Jody Thompson, head of the Library’s archives and special collections department, said the donation fills some gaps in the existing collection and increases the number of award-winning titles.
“Garry Betty’s collection was almost exclusively first editions, which may not mean a lot to the average reader but is really something for those of us in library and science fiction worlds," Thompson said.
LMC Associate Professor Karen Head, who knows Betty through Georgia Tech’s athletics program, helped facilitate the donation.
“One night, we went to dinner, and I started telling her about the books,” Betty said. “She said, ‘You do understand what we have at Georgia Tech, don’t you?’” said Betty, who until then was unaware of the existing collection here.

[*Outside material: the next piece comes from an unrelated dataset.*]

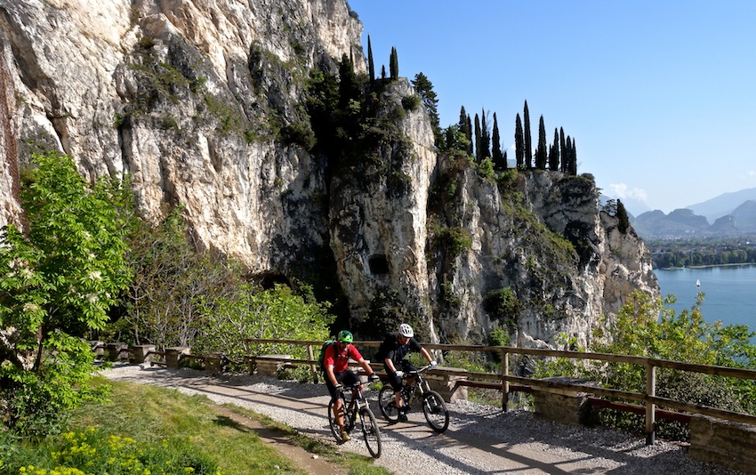 Itinerario in mtb o e-mtb sulla sponda occidentale del Lago di Garda, lungo la vecchia Strada del Ponale, oggi Sentiero Giacomo Cis, nei comuni di Riva del Garda e Molina di Ledro, nella Provincia Autonoma di Trento.

Head said the two “became giddy and animated about the possibilities.” She soon arranged a visit for Betty with LMC’s science fiction faculty. Soon after, Betty and her nephews Cameron Lane (BSBA, 2005) and Wesley Morris began organizing and archiving the collection and obtained an appraisal fixing the works’ value at $168,000.
The extensive work done by Betty, Morris, and Lane — who is a current student in the Online Master of Science in Computer Science program — to prepare for the donation will speed integration of the donation into the Library’s holdings, Thompson said.
Head, a poet, associate professor, associate chair in LMC, and director of the Naugle Communication Center, said she was happy to participate in such a meaningful donation.
“There are few gifts to a university that come with so much love,” she said. “I am so delighted that we were able to make Kathy’s dream of having Garry’s books at Georgia Tech come true.”